Task to complete: Make an exact copy of the listing below. Pictures stay out of it.
● ● ● ●
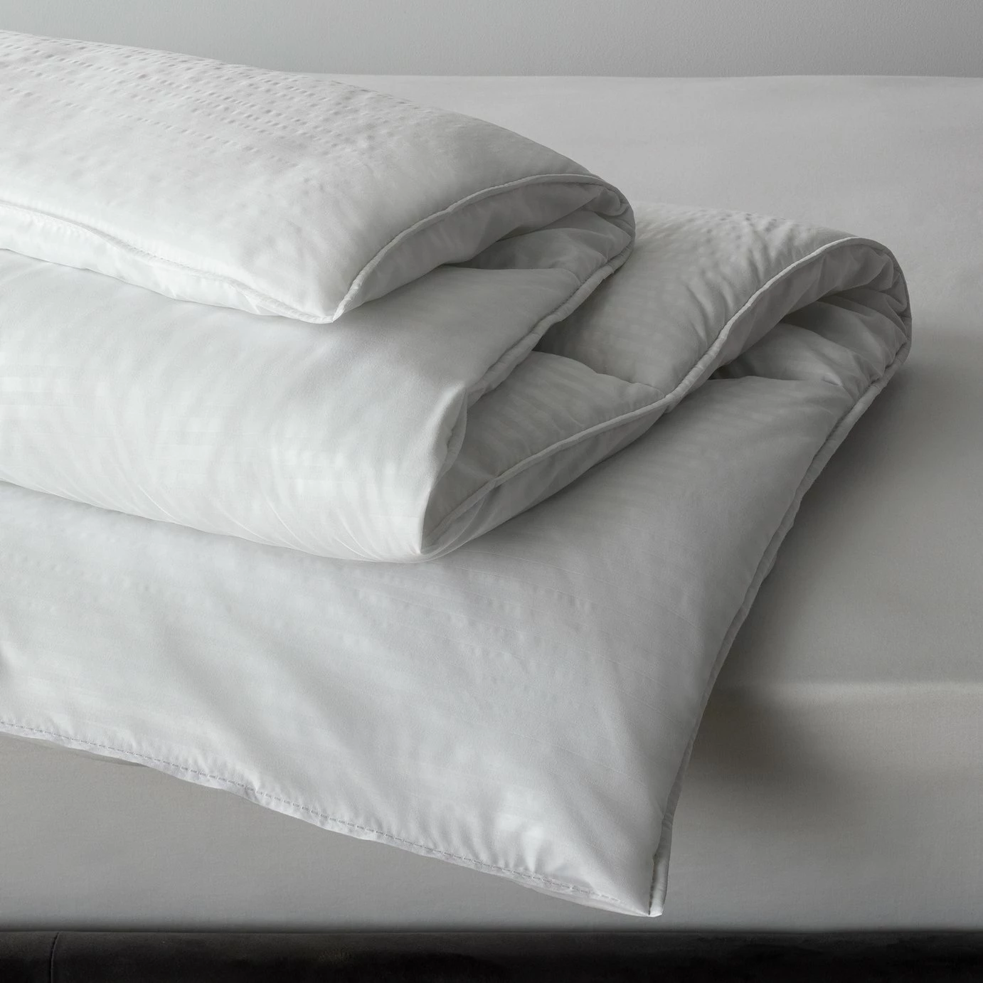 Love the feel of natural bedding but don't fancy feathers? Our Feels Like Down range is just the ticket. With a premium hotel quality embossed stripe cover and a smart stitch finish, it provides a real feeling of luxury. This 10.5 Tog duvet is perfect for year-round use and is filled with siliconised recycled polyester for a featherweight feel.
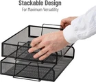 Sleek and modern design: This desktop organizer is designed to hold letter size documents, the metal mesh design adds a touch of class to your home or office decor Ready to use: No assembly required; simply unpack the document holders and stack or separate them as desired Organize your space: Whether it's letter sized documents, recipes, or mail, this organizer provides a convenient solution to keep everything in one place and easily accessible Durable and easy to clean: The strong mesh metal construction ensures durability, and cleaning is a breeze—just wipe it down with warm water, a soft cloth, and mild soap Dimensions: Each piece of this stackable desktop organizer measures 13.25" L x 9.75" W x 6.25" H (33.65 x 24.77 x 15.87 cm), providing ample space for your organizational needs
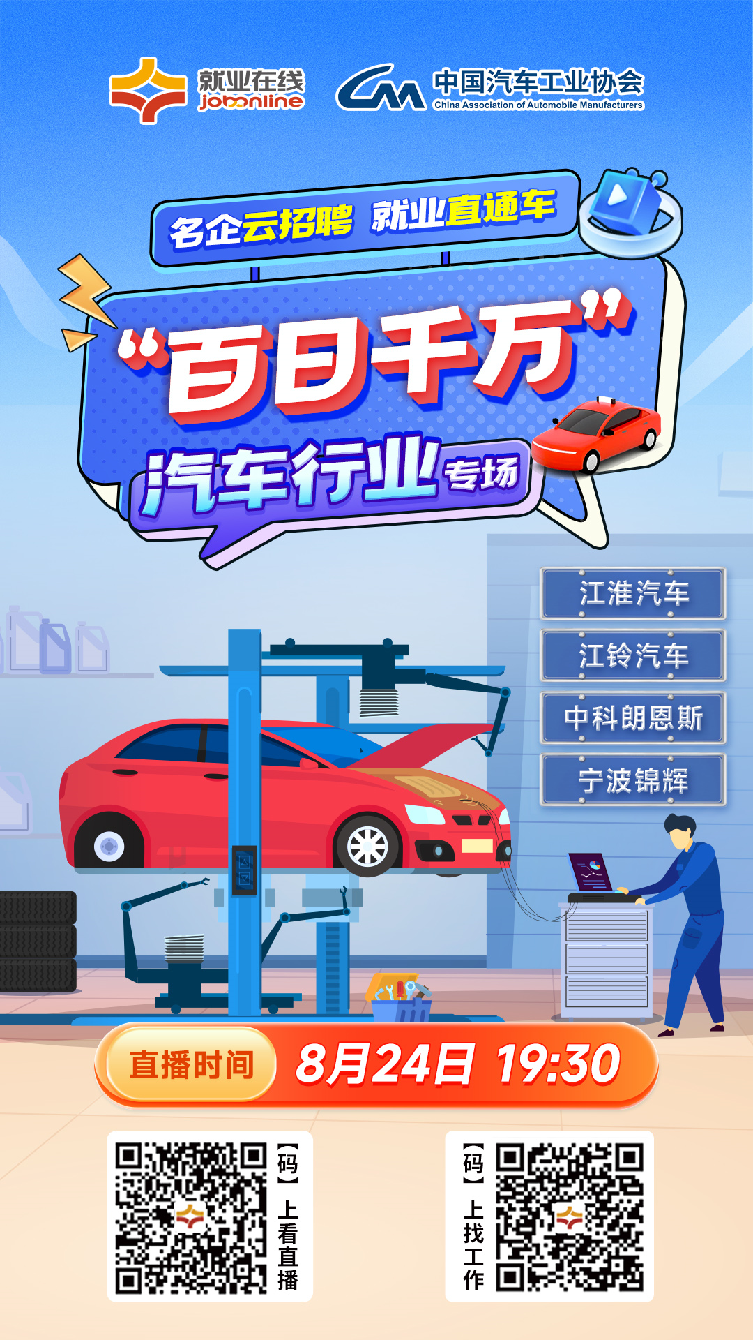 8月24日19:30,“就业在线”携手中国汽车工业协会继续开展“百日千万”——【名企云招聘 就业直通车】直播带岗活动,邀请多家知名汽车企业参与,想要云端就业,锁定就业在线汽车行业专场直播间!
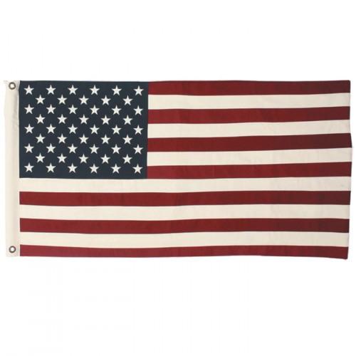 High quality American flag with embroidered stars on a navy backround and stripes of heavy weave barn red and white cotton fabric.
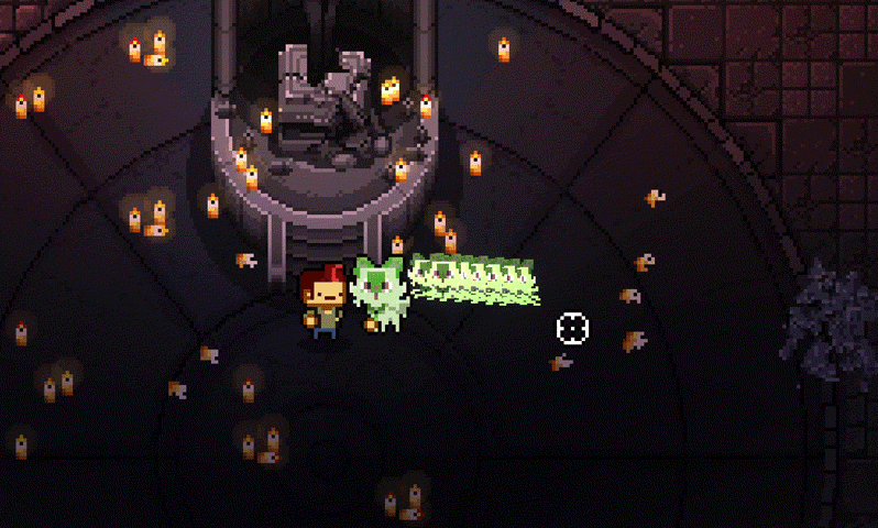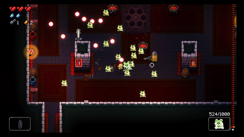 大多数敌人枪械的射速都在10-20这个区间内(初始状态玩家的移动速度在8附近),数字代表一个单位时间内移位的像素数量,单次攻击的冷却时间从0.5-2.5 s不等,初见玩家时,招式释放的冷却时间要比常态冷却时间稍微短一点。
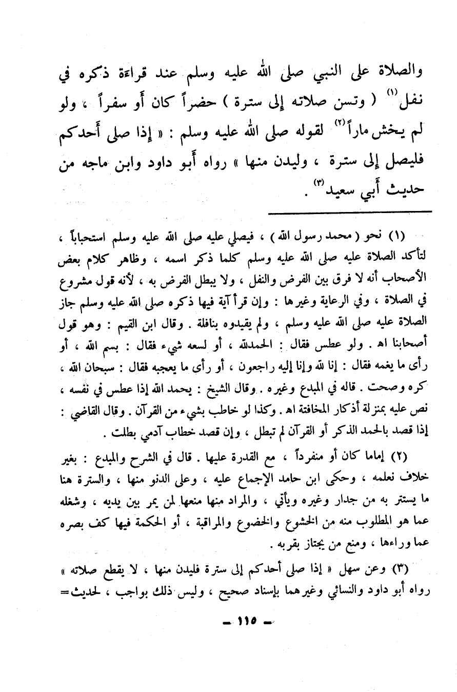 والصلاة على النبي صلى الله عليه وسلم عند قراءة ذكره في نفل (¬1) «وتسن صلاته إلى سترة» حضرًا كان أو سفرًا، ولو لم يخش مارًّا (¬2) لقوله صلى الله عليه وسلم: «إذا صلى أحدكم فليصل إلى سترة، وليدن منها» رواه أبو داود وابن ماجه من حديث أبي سعيد (¬3) .
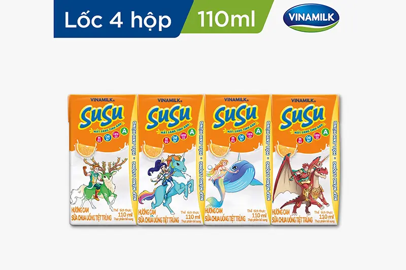 Sữa chua uống Susu cam hộp 110ml - vỉ 4 hộp
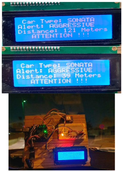 For aggressive and dangerous driving behavior experiments, two vehicles have been used in leading and the following position on the highway roads to check the system performance in aggressive and dangerous behavior. The nRF24L01 + PA/LNA transceiver antenna data and the vehicle type and flag status were sent to neighboring vehicles. On the receiving vehicle’s far side, the system displays the transmitted flag while measuring the distance between moving vehicles with the GPS unit built into the board. Moreover, as long as the sending vehicle is within the receiving vehicle’s coverage area, the V2V system turned on the orange LED with a periodic assessment of the distance between vehicles, whether the vulnerability is approaching or drifting away. Figure 17 indicates a warning signal shown by the LCD installed in the V2V system. The risky evaluation signifies that the driver makes abrupt motions in acceleration, starting with 7 m/s2. The warning system is triggered based on these results, using the same procedures as in aggressive behavior. The receiving vehicle device displays the sent flag and uses the GPS unit placed on the receiving board to calculate the distance between the two moving vehicles. The buzzer and the red LED should be enough to catch the driver’s attention.
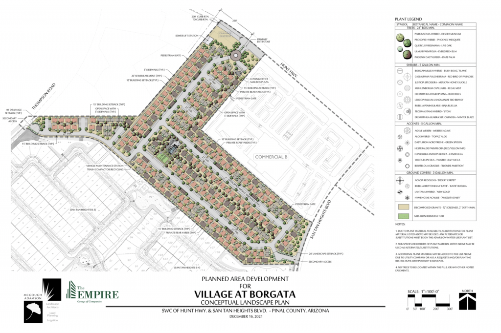 Scottsdale-based developer, Empire Group recently closed on a 27-acre parcel in San Tan for approximately $13.8 million. Plans for the land are now underway for a build-for-rent community called Village at Borgata. Village at Borgata will be situated at the Southwest corner of Hunt Highway and Thompson Road near the foothills of the San Tan mountains.
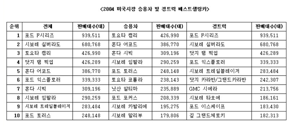 한편, 2004년 미국 승용차 및 경트럭 베스트 톱10 가운데 1위는 93만9,511대가 팔린 포드 F시리즈가 차지했다. 2위는 시보레 실버라도(68만768대), 3위 토요타 캠리(42만6,990대), 4위 닷지 램 픽업(42만6,289대), 5위는 혼다 어코드(38만6,770대)였다. 그 뒤를 포드 익스플로러(33만9,333대), 혼다 시빅(30만9,196대), 시보레 임팔라(29만259대), 시보레 트레일블레이저(28만3,484대), 포드 토러스(24만8,148대)가 각각 이었다. 승용차부문에서는 캠리, 어코드, 시빅 등 일본업체들이 1~3위를 독점했다. 경트럭부문에서는 F시리즈, 실버라도, 램 픽업 등 미국 빅3가 각각 1~3위를 기록했다.
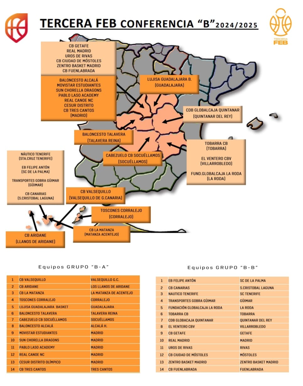La FEB ha colocado a cuatro clubes canarias en cada grupo, formando en el B-A CB Aridane, CB La Matanza, CB Valsequillo y Toscones Corralejo.
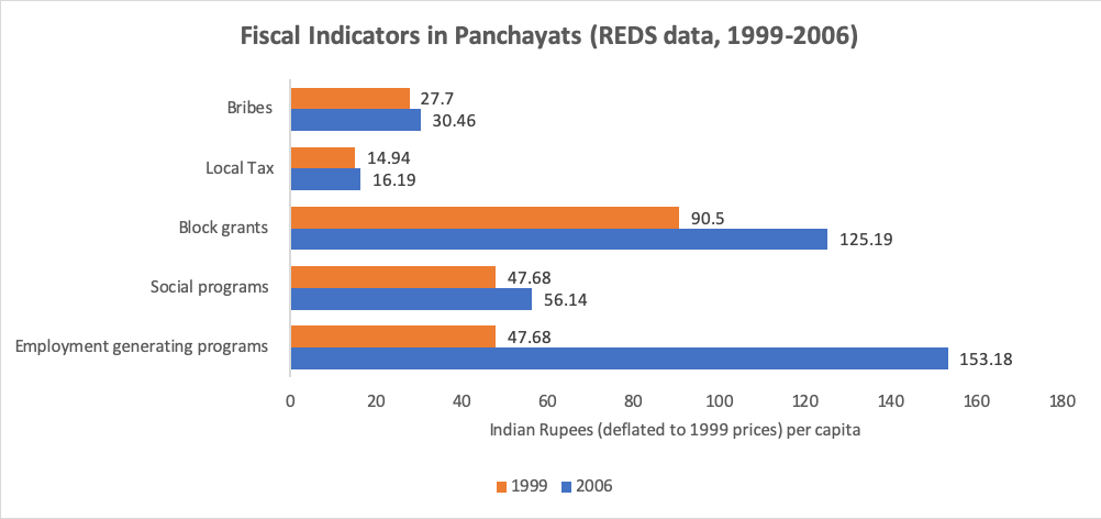 The Rural Economic and Demographic Survey (REDS), collected in 1999 and 2006 by the National Council for Applied Economic Research (NCAER), New Delhi is illuminating in this regard. We use village-level panel data on revenues raised, tied and untied grants received, and other characteristics such as presence of functionaries, village wages, and agricultural incomes.
● ● ● ●
Output below:
 Love the feel of natural bedding but don't fancy feathers? Our Feels Like Down range is just the ticket. With a premium hotel quality embossed stripe cover and a smart stitch finish, it provides a real feeling of luxury. This 10.5 Tog duvet is perfect for year-round use and is filled with siliconised recycled polyester for a featherweight feel.
 Sleek and modern design: This desktop organizer is designed to hold letter size documents, the metal mesh design adds a touch of class to your home or office decor Ready to use: No assembly required; simply unpack the document holders and stack or separate them as desired Organize your space: Whether it's letter sized documents, recipes, or mail, this organizer provides a convenient solution to keep everything in one place and easily accessible Durable and easy to clean: The strong mesh metal construction ensures durability, and cleaning is a breeze—just wipe it down with warm water, a soft cloth, and mild soap Dimensions: Each piece of this stackable desktop organizer measures 13.25" L x 9.75" W x 6.25" H (33.65 x 24.77 x 15.87 cm), providing ample space for your organizational needs
 8月24日19:30,“就业在线”携手中国汽车工业协会继续开展“百日千万”——【名企云招聘 就业直通车】直播带岗活动,邀请多家知名汽车企业参与,想要云端就业,锁定就业在线汽车行业专场直播间!
 High quality American flag with embroidered stars on a navy backround and stripes of heavy weave barn red and white cotton fabric.
 大多数敌人枪械的射速都在10-20这个区间内(初始状态玩家的移动速度在8附近),数字代表一个单位时间内移位的像素数量,单次攻击的冷却时间从0.5-2.5 s不等,初见玩家时,招式释放的冷却时间要比常态冷却时间稍微短一点。
 والصلاة على النبي صلى الله عليه وسلم عند قراءة ذكره في نفل (¬1) «وتسن صلاته إلى سترة» حضرًا كان أو سفرًا، ولو لم يخش مارًّا (¬2) لقوله صلى الله عليه وسلم: «إذا صلى أحدكم فليصل إلى سترة، وليدن منها» رواه أبو داود وابن ماجه من حديث أبي سعيد (¬3) .
 Sữa chua uống Susu cam hộp 110ml - vỉ 4 hộp
 For aggressive and dangerous driving behavior experiments, two vehicles have been used in leading and the following position on the highway roads to check the system performance in aggressive and dangerous behavior. The nRF24L01 + PA/LNA transceiver antenna data and the vehicle type and flag status were sent to neighboring vehicles. On the receiving vehicle’s far side, the system displays the transmitted flag while measuring the distance between moving vehicles with the GPS unit built into the board. Moreover, as long as the sending vehicle is within the receiving vehicle’s coverage area, the V2V system turned on the orange LED with a periodic assessment of the distance between vehicles, whether the vulnerability is approaching or drifting away. Figure 17 indicates a warning signal shown by the LCD installed in the V2V system. The risky evaluation signifies that the driver makes abrupt motions in acceleration, starting with 7 m/s2. The warning system is triggered based on these results, using the same procedures as in aggressive behavior. The receiving vehicle device displays the sent flag and uses the GPS unit placed on the receiving board to calculate the distance between the two moving vehicles. The buzzer and the red LED should be enough to catch the driver’s attention.
 Scottsdale-based developer, Empire Group recently closed on a 27-acre parcel in San Tan for approximately $13.8 million. Plans for the land are now underway for a build-for-rent community called Village at Borgata. Village at Borgata will be situated at the Southwest corner of Hunt Highway and Thompson Road near the foothills of the San Tan mountains.
 한편, 2004년 미국 승용차 및 경트럭 베스트 톱10 가운데 1위는 93만9,511대가 팔린 포드 F시리즈가 차지했다. 2위는 시보레 실버라도(68만768대), 3위 토요타 캠리(42만6,990대), 4위 닷지 램 픽업(42만6,289대), 5위는 혼다 어코드(38만6,770대)였다. 그 뒤를 포드 익스플로러(33만9,333대), 혼다 시빅(30만9,196대), 시보레 임팔라(29만259대), 시보레 트레일블레이저(28만3,484대), 포드 토러스(24만8,148대)가 각각 이었다. 승용차부문에서는 캠리, 어코드, 시빅 등 일본업체들이 1~3위를 독점했다. 경트럭부문에서는 F시리즈, 실버라도, 램 픽업 등 미국 빅3가 각각 1~3위를 기록했다.
La FEB ha colocado a cuatro clubes canarias en cada grupo, formando en el B-A CB Aridane, CB La Matanza, CB Valsequillo y Toscones Corralejo.
 The Rural Economic and Demographic Survey (REDS), collected in 1999 and 2006 by the National Council for Applied Economic Research (NCAER), New Delhi is illuminating in this regard. We use village-level panel data on revenues raised, tied and untied grants received, and other characteristics such as presence of functionaries, village wages, and agricultural incomes.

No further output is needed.